Final Jeopardy: Musical Theatre

The Final Jeopardy question (1/25/2013) in the category “Musical Theatre” was:

Before this show hit Broadway in 1964, one of its working titles was “The Luckiest People.”

2-day champ Joshua Brakhage is up to $40,006 in winnings. Will he be taking that home or adding to it today? That depends on how he fares against these two players: Sean Link, originally from Terryville, CT and Lauren Thomas, originally from Owensboro, KY.

Joshua found the Jeopardy! round Daily Double in “Dem Bones.” He was in the lead with $5,600, $1,000 more than Sean in second place. He bet $1,400 and he was RIGHT.

Because it supports the head, the topmost vertebra is called this, also the name of a mythical giant.

Joshua finished in the lead with $7,800. Sean was second with $5,600 and Lauren was last with $3,400.
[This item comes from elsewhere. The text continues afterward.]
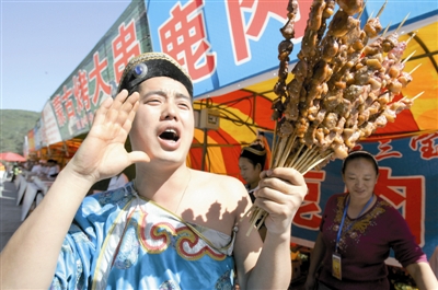 。牭轿魃桨舜筇幱瓮娴挠慰鸵馔獍l現,許多在城里才能吃到的老北京小吃在這里也能吃到了。爆肚、灌腸、炒肝……30余種風味小吃齊齊亮相,并一直持續到10月7日。

Joshua found the first Double Jeopardy Daily Double in “small state capitals.” He was in the lead with $10,600, $4,200 more than Sean in second place. He bet $4,400. Not being from the East Coast, he floundered and guessed Boise. That was WRONG.

The completion of the DuPont Highway in 1924 was a catalyst in this capital’s growth.
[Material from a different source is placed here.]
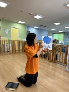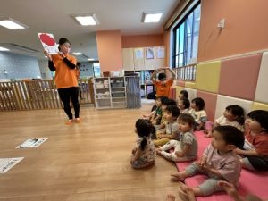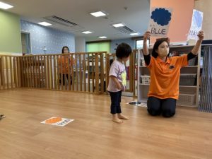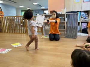 まずは、保育者の後に続いて色の名前を英語で発音してみます。

Sean found the last Daily Double in “Name the Poet.” He was in second place with $8,000, $5,800 behind Joshua’s lead. He bet $2,000. He would so have known this if he grew up half a century ago, but he didn’t so he guessed Keats. That was WRONG.

A tree that may in summer wear a nest of robins in her hair.

Joshua finished in the lead with $14,600. Lauren was next with $9,800 and Sean was in third place with $7,600.

NONE of the contestants got Final Jeopardy! right.


“The luckiest people in the world” is a line from Barbra Streisand’s 1964 hit song “People,” one of the musical numbers in the 1964 Broadway hit “Funny Girl,” in which she starred as Fanny Brice. The song is sometimes referred to as “People Who Need People.” Other working titles included “A Very Special Person” and “My Man” until David Merrick, who was supposed to have been the show’s co-producer, suggested “Funny Girl.” Broadway Musicals – Show by Show

Sean wrote down “Yentl.” Right star — in the 1983 film anyhow. He bet $2,000 and finished with $5,600.

Lauren just had a blank line, a very expensive blank line. It cost $9,799 so she finished with $1.

Joshua wrote down “The Rose”, a 1979 film (because we don’t think he meant the 1905 Broadway play). He bet $5,001 so he ended up with $9,599. Not another $20K payday, but he still won the game and has a chance for another big payday on Monday. Joshua’s 3-day total is $49,605.